Angels on booze, I ain’t sober.

My mind, heart, and chi have not been in accord since God knows when. Shit has clouded my once dilated awareness. Gradually, stress has killed the passion inside me without me knowing it. My concepts of truth acquired from more than two decades of existence have been keeping me alive, or have made me a dead man walking rather, and for the past two years I have only been that. A dead man walking.

Pink clouds are slowly turning to grey again. I have assaulted and killed negativity once in my life years ago, but having done so got me losing track of the progress that I should have been keeping eyes on. I have been taking my loved ones’ lives and mine for granted unconsciously. And fuck me for that. And fuck me for that. I have made myself believe that life was already happy and that I didn’t need nothing else. I’ve lost grip on my motivations.

Once in my life I drove my demons away, hated and healed my wounds, self-inflicted and not. I have kept them away for so long now that I have forgotten about them when I shouldn’t. I have been wrecklessly harvesting Yin and ignored the fact that I, or all of us, need Yang to keep life in balance. And fuck me for that.

Even Jesus had to go through extreme anger and sadness. That was when he shoved the shit off the asses of the fucked up motherfuckers doing shit outside the temple. That was when he poignantly prayed in the garden of olives. Though I haven’t been soft, I’ve been too nice. Coal, buried under hundreds of kilometers of dirt, rock and extreme pressure eventually turns into the most precious stone, the diamond. I forgot that I need to exert resistance and not just take in the beatings, I forgot that I need to surface and not just sit on my ass. And if there’s one faculty that I haven’t lost that is awareness. And it’s going to pull me out of the shithole I’m in.

In spite of strength we must see weakness, even our own. In search of beauty we must not hate the ugly. Though happiness is a lovely word we must value the low times and the lesson they’ve brought and will bring.

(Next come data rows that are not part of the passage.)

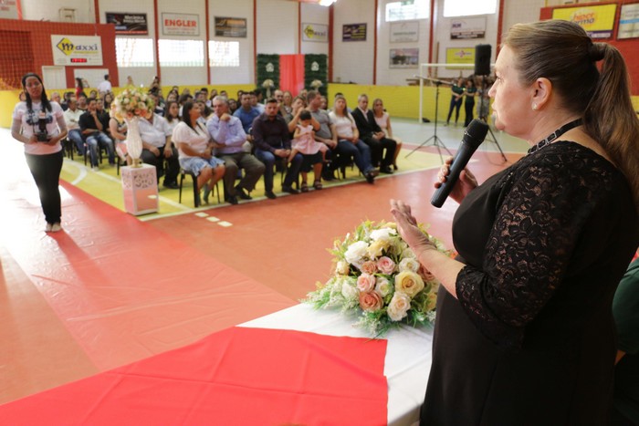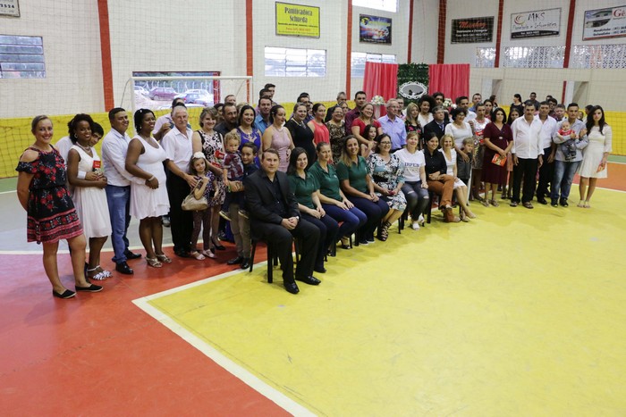 A cerimônia aconteceu no ginásio de esportes, contando com diversas autoridades.
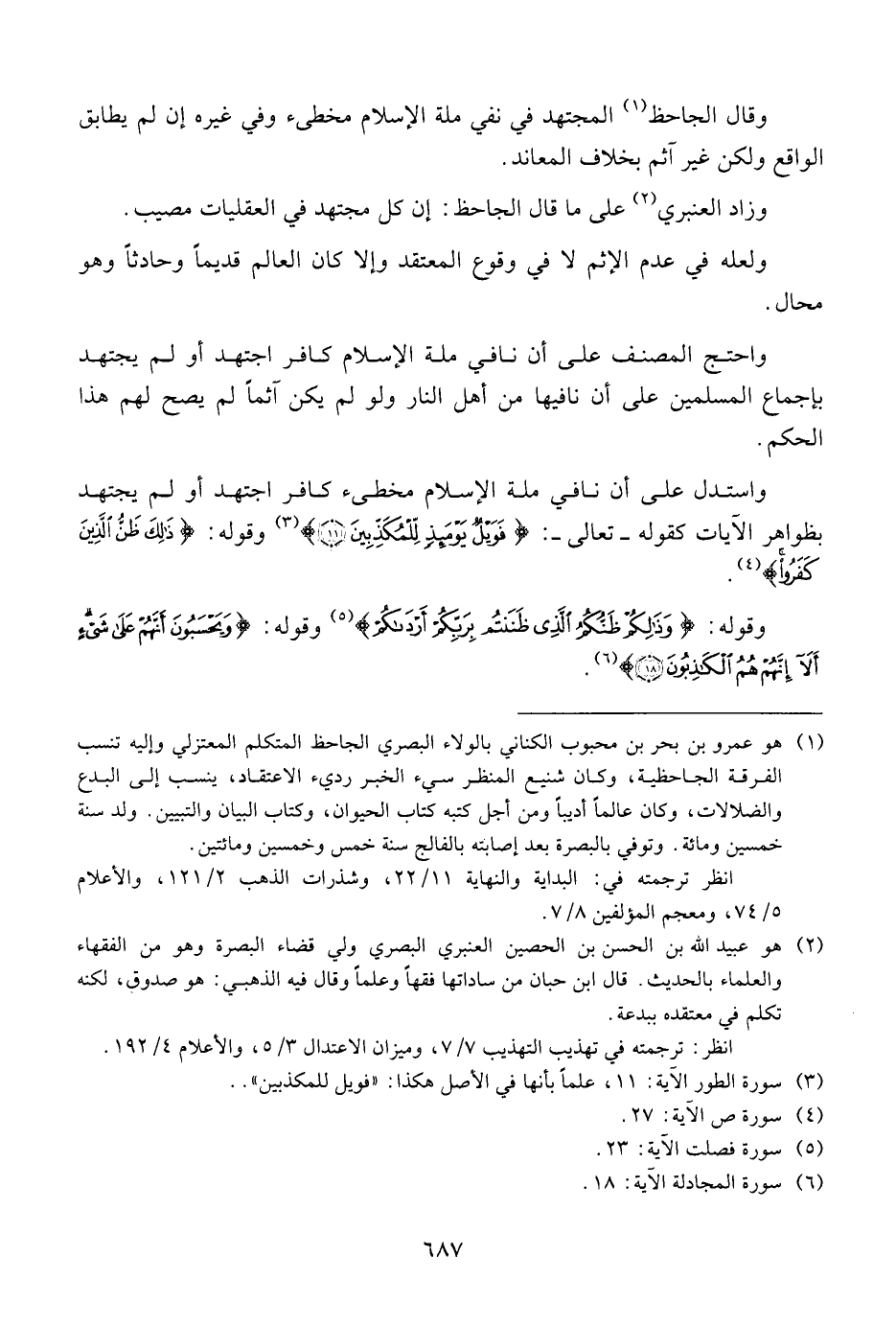 وقال الجاحظ المجتهد في نفي ملة الإسلام مخطئ وفي غيره إن لم يطابق الواقع ولكن غير آثم بخلاف المعاند.
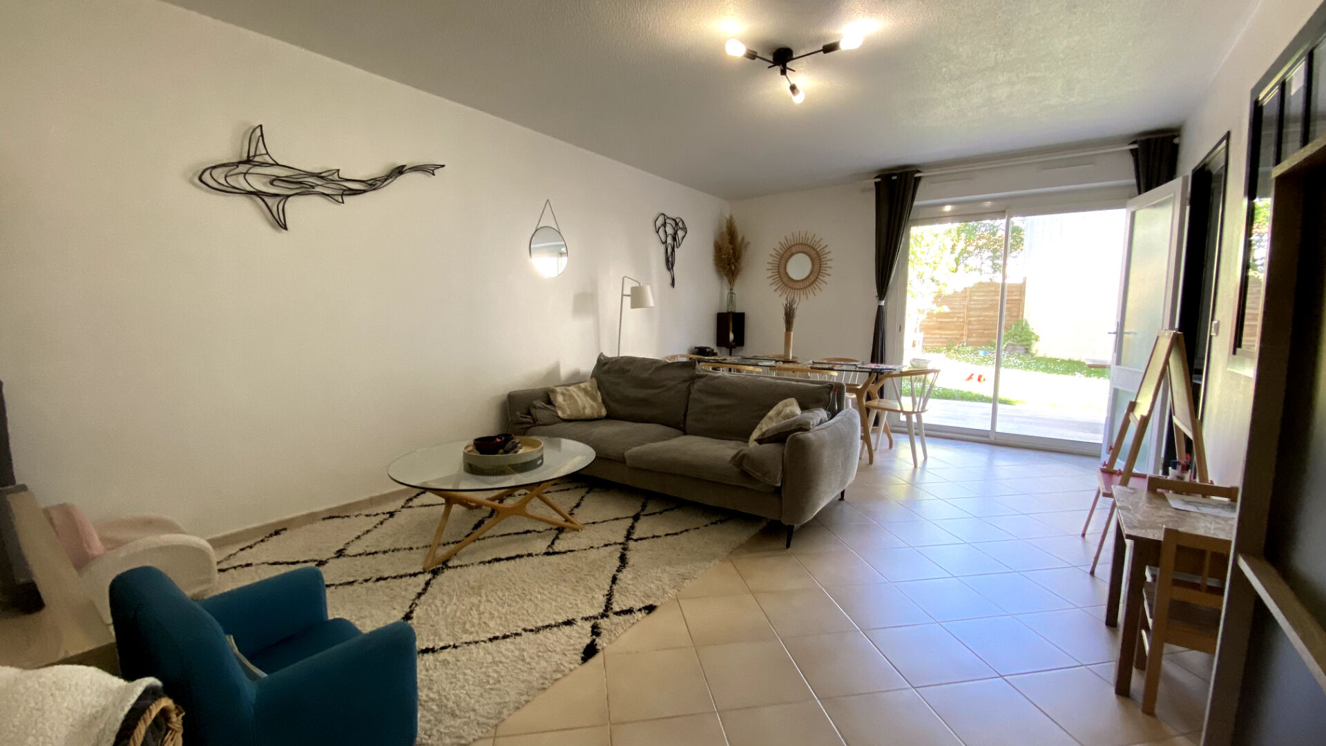 Belle pièce de vie lumineuse avec séjour / salle à manger ouverts sur le jardin
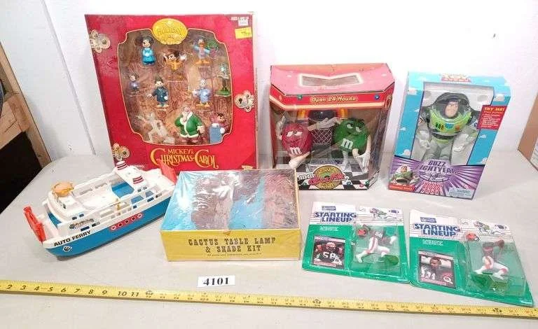 4101 Buzz Lightyear talking action figure, M&Ms figurine, Disney Christmas figurines, starting lineup figures, ferry boat, Etc
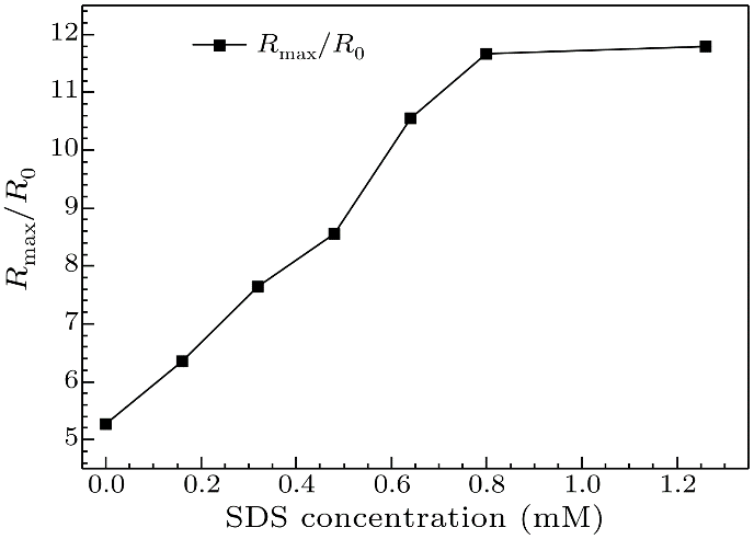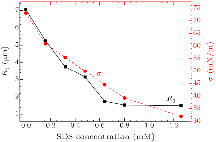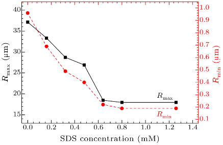 汇报人对超声空化气泡动力学进行了研究。通过锁相积分的方式拍摄了表面活性剂溶液中的单气泡脉动,讨论了表面活性剂对气泡动力学行为的影响。研究表明,十二烷基硫酸钠(SDS)浓度越大,(1)气泡平衡半径越小;(2)气泡最大半径和最小半径越小;(3)气泡最大半径与平衡半径的比值增大。注意到上述值在表面活性剂达到一定浓度后均会趋向于饱和。

This is just a phase. Like the moon and the sun I will hide only to be seen again. Like night and day I end only to begin anew. Like the four seasons I pass away only to return.

Hard and soft. Hot and cold. High and low. Light and darkness. Deep and shallow. Love and hate. Yin and Yang. Life is beautiful when you have a little of everything.

I am the master of my fate. I am the captain of my soul.

Today I say “fuck you life, and i love you.”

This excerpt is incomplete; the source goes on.